In the Steps of the Ancestors

In the Steps of the Ancestors

Joseph Waterfield (1858-1933)                                Margaret Prichard (1849-1890)

Last month I checked into a quarryman (and woman’s) cottage in Trefor, Gwynedd on the Llŷn Peninsula where three generations of my family lived and worked at the foot of three mountains known as the Yr Eifl. The link tells you how to pronounce it.

We were staying at 18 Lime Street, the same street in which my ancestors lived. I had located them through the 1889, 1899 and 1901 censuses. But also through my Pink Granite research. Also the persistence of my now deceased 104 year old Aunt’s relentless pursuit of the Waterfield family history has motivated me to this current detailed research since my cousin, her eldest son had gifted our generation copies of it along with her short novel based on that research.  I get archive fever when walking in the steps of the ancestors.  It hit me hard in 2014 when I revisited my mum’s ancestry for The House and it has hit me again these past three years.

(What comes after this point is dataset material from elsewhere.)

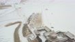 DUNHUANG, CHINA - FEBRUARY 17: In an aerial view, snow falls on Crescent Lake on February 17, 2022 in Dunhuang, Gansu Province of China. The popular lake was refilled to achieve its original depth. (Footage by Xu Haiyang/VCG via Getty Images)
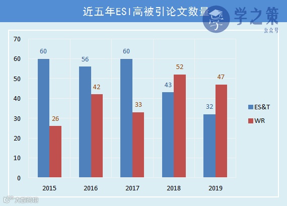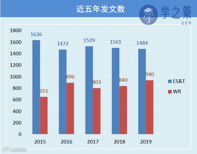 从各个领域的数据指标来看,WR基本已经实现了对ES&T的全面超越。但这也是和两者各自的运营方式、发文规模和文章领域有关。近年来国人在WR上的发文量要高于ES&T,但差距并不明显,因此发表难度差别不是很大。

I am struck by my Aunt’s story, her sons’ stories, her ‘adopted’ parents’ stories and her  diligent pursuit of a meaning to her identity. It is as she often said to me, not unlike my mum’s history. Being the first child in my grandparents’ family, I learned that my Aunt was ‘given’ away to a childless aunt and uncle, the same Aunt who had lived at no 13 Lime Street. The family moved back to Leicestershire in the early 1900s. This kind of practice is not unusual I guess but it plays havoc with feelings of belonging,  identity and self doubt as  beautifully illustrated in Anne with an E  I have been watching on Netflix recently.

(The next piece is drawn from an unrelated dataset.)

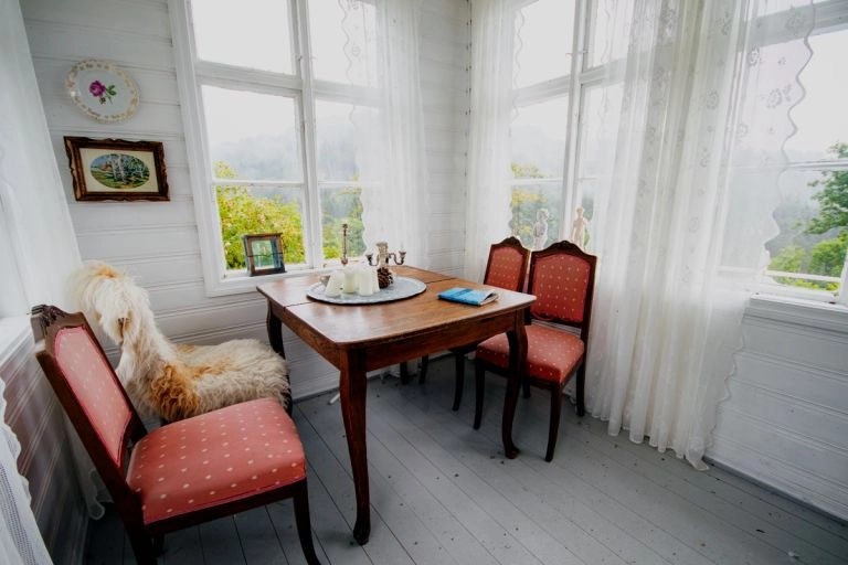 Ta fergen fra Halhjem over til Våge. Herfra er det 10 minutters kjøring til Haaheim Gaard

But it’s the quarrying life in this village in Trefor that has caught my interest mostly and that I realise is driving my story Pink Granite.

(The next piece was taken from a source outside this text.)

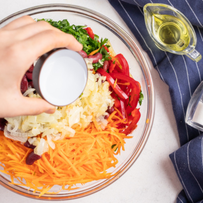 Sirka qo’shib salatni aralashtiramiz.

(Above) Great Great Grandmother Emma Waterfield né Cheatle (1839 – 1938), Great Great Grandfather Thomas Waterfield (1838 – deceased), Great Uncle Charlie Franks (1833-1937) in the doorway.

Three generations lived in three streets in Trefor, having moved there from Mountsorrel in Leicestershire. We stayed at the third address a few doors down from where the Waterfields lived. The woman who greeted us lives in the exact cottage my Grandfather, his siblings Ellen, Sarah and William, and their father Great Grandfather Joseph lived after their mum died of TB in 1890.  On further research I discovered that my Great Great Aunt Ellen had actually lived in the cottage we had booked.  This discovery urged me to find out more concerning the other Great Greats and their connections with Trefor.

The three streets – Eifl Road could have been Farren Road in 1878.

Great Aunt Ellen Franks né Waterfield (1880-1951) and Great Aunt Sarah Jane Waterfield (1883-1966) and their father Great Grandfather Joseph Waterfield (widowed) (1858-1933) 18 Lime Street, Trefor with Yr Eifl quarried mountain range in background.

Front of 18 Lime Street today

Back of 18 Lime Street today

I went back to the census and cross-referenced with google maps as you do, only to discover the numbers and the road names must have changed over time.  Walking out one morning along the main road (Eifl Road), still looking for the disappeared number in Green Terrace and the number in the disappeared Farren Street, I discovered the answer may lie in the kerb stones, those quarried and those manufactured at a later date from concrete when road names like Farren Street (obviously named after George Farren, the managing director of the Welsh Granite Company who you can see from the obituary below was responsible for much of the engineering development in Trefor), must have been renamed more recently.

accessed from

The kerb stones change at a certain point along the Eifl Road – the road had obviously been rebuilt, of course it had!

Setts or concrete

Place is such a great driver for creative work – the sense of the field of space of which  Antony Gormley speaks when describing his work including his Iron Men installation on the Sefton Coast where I now live. For me it has always been walking in the footsteps of ancestors, seeing with their eyes the same vista they have looked upon, peeling back the layers of memory and history and hearing their voices of the past speaking in the now that have led me to finding a frame for creative expression.  That and personal memory that the ancestors trigger like:

Remember Wales, don’t forget Wales:
Rhyl holidays and the Co-op Campsite 1967 and 1969
Plas Y Nant with YP Christian Endeavour in  1970
Mary Jones Bible Research Trip for Greater than Gold Bala in 1980
The Pollard Trail research trail Nefyn in  2006
 Pink Granite research trail  2024 incorporating Leicester in 2023.

I think this is the first of a number of North Wales inspired recollections, judging from the list above but let’s just stick with the granite and the ancestors for now.